Ali exerceu o cargo de Ministro da Informação no Governo de Transição de 1975. Professor,
escritor, cronista, crítico e ensaísta, é membro fundador da União dos Artistas
e Compositores Angolanos, da Sociedade de Autores Angolanos e da União de
Escritores Angolanos.
Fazendo uso do
linguajar luandense que transformou a língua portuguesa num idioma muito
próprio e original, método aliás muito usado pelos escritores angolanos da sua
geração (e não só), procura combater os males da sociedade em que vive, por
dentro, isto é, mantendo a crítica presente em quase toda a sua obra, aliando, quase
sempre, a seriedade ao humor, o que faz com notável acuidade. Tomo, como
exemplo do seu estilo, o trecho inicial do livro “ESTÓRIAS DE CONVERSA”,
publicado pela Caminho em 2006, que agrega cinco histórias, as estórias
mencionadas no título. É a primeira e intitula-se “Curto relato de um feiticeiro”.
“Eu mesmo João. Com o
número que me puseram no recenseamento e depois na recruta até agora sou o
soldado vinte mil e catorze mas, na maneira como sou kambuta (*), logo no
princípio de aprender de soldado os meus camaradas me andavam só a estigar (*)

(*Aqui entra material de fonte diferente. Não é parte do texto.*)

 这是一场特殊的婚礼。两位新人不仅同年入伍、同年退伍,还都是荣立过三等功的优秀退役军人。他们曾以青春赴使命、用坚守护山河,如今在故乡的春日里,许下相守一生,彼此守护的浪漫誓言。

de semachista! (*) Na maneira essa que me chamam de João Jaques (*) eu que nem
nunca joguei básquete fiquei aí com o nome do nosso campeão e ainda nas matas
quando se podia ouvir no relato e o Jaques falhava só uma bola logo-logo os
camaradas começavam na estiga que você está embora falhar sô João! Que você já
nem merece o Jaques mais que vinte mil e catorze se número de soldado que você
ainda falta andar nesses quilómetros de combate. Mas quando no relato se
encontrámos campeão africano outravez todo o pessoal me levantou no ar João!

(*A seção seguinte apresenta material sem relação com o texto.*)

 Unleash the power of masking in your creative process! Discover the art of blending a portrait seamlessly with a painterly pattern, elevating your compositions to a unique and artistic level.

João Jaques semachista! João! Vai! E eu assim no ar, já mais alto, a me
obrigarem até na maneira de levantar os dois braços, saco sô Jaques camarada
João!
Assim mesmo eu sou o
soldado João e isso que vou contar já contei na minha mãe agora que voltei no
Malange. E estava a falar na minha mãe, ela a rir, nas vezes em que os
camaradas falavam de estiga que você não paga renda e eu respondia que sim
porque nós malanginos construímos, temos casa própria. Casa própria? Vocês
malanginos? Respondiam de pergunta estigada todos a rir. Mas você se o gajo
ganhar ainda vai embora puxar o comboio com os dentes!”
(*) kambuta – pequeno, baixinho.
(*) estigar – gozar, caçoar.
(*) semachista – do inglês “smash”. Afundanço. Termo usado no
basquetebol.
(*) Jean Jacques, jogador angolano de basquetebol, muito
popular, notabilizado no Sport Lisboa e Benfica.
Manuel Rui, um mestre
angolano na difícil arte do conto, a seguir e a não perder!
Tomás Lima Coelho
2 comentários:
"Quem me Dera Ser Onda" é do mais belo que alguma vez foi escrito em língua portuguesa e de uma profundidade no olhar que lança sobre o humano e a(s) respectiva(s) contingência(s) que, a nada mais ter escrito, seria suficiente para o deixar no patamar dos imortais, entre aqueles que escrevem nas línguas portuguesas.
É como o Tomás diz, um Mestre - para todos nós.
Luís Gomes
Estou totalmente de acordo com o Luís F. de A. Gomes: "Quem me dera ser onda" é uma das belas peças que foram produzidas na lígua portuguesa!